How long since I have seen the sea?

But there was nothing clean in the salt or the wave, and over the green mountains, which first had beckoned him, there grew a haze of orange and gray. The vision expanded, focused, drew him down from the blue of the sky into jade canopies, the million leaves of an ancient forest. Then – terror!

Smoke sensations.

Casimir reared back, but there was no escaping it now.
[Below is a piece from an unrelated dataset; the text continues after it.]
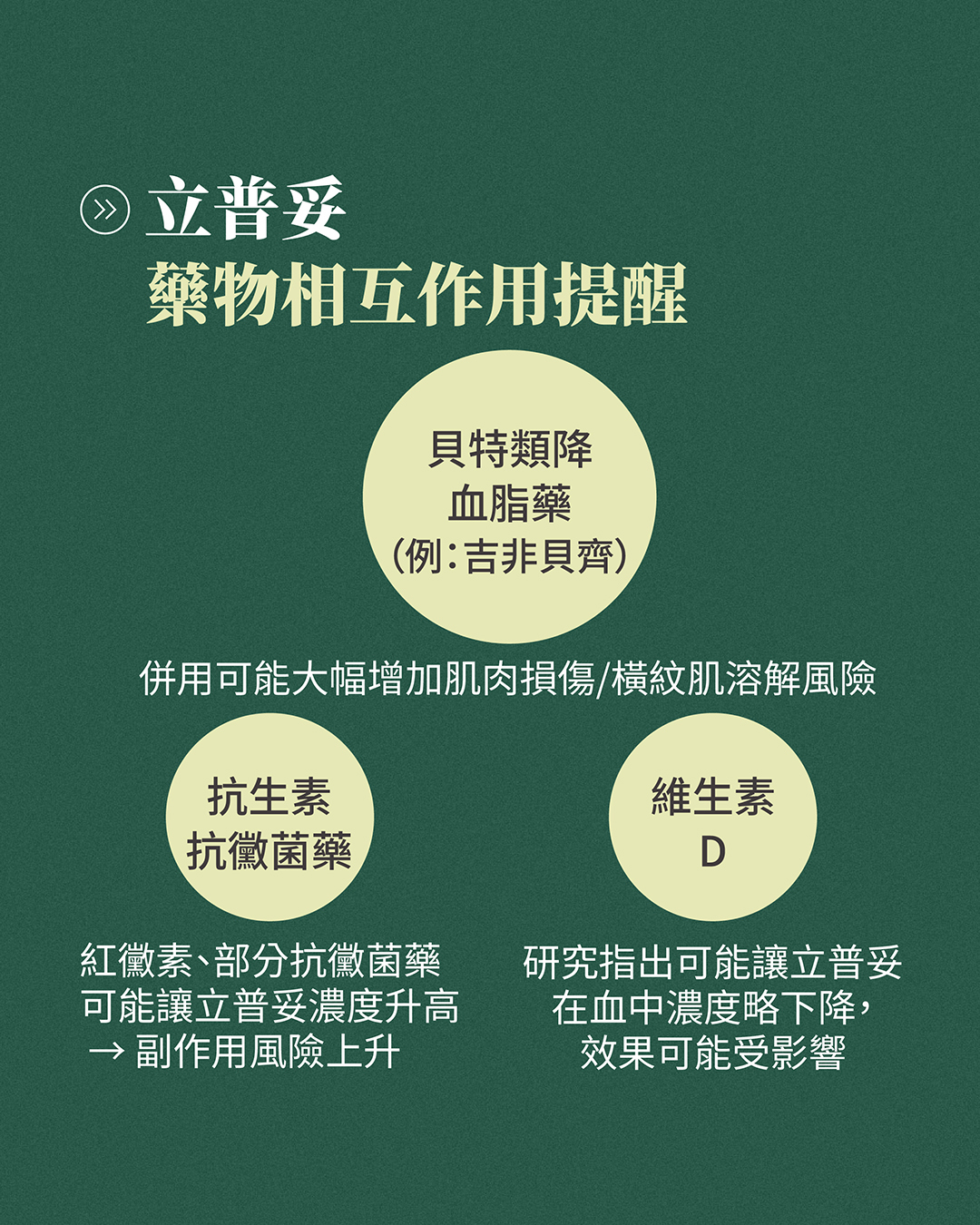在服用立普妥期間,若有並用以下藥物或營養品,請務必諮詢醫師:

Wild justice. All that was magic turned to dust. Yes. Black eyes opened over a tea cup, and they were full of future reflections. In the east, a green land would fall to screaming fire. Even the land on which he stood would turn to brown ash.

War is coming. It comes with these men – fire from the sky.

He breathed sharp and deeply, and panted enough to dislodge the blossoms before his face. A gasp of surprise broke the trance that held him, shattered the vision. It was a gasp directed at him, but that was all but impossible.

Long gone, the days when mortals knew our ways, could sense us, see us.

Casimir hesitated at the edge of retreating, then remained.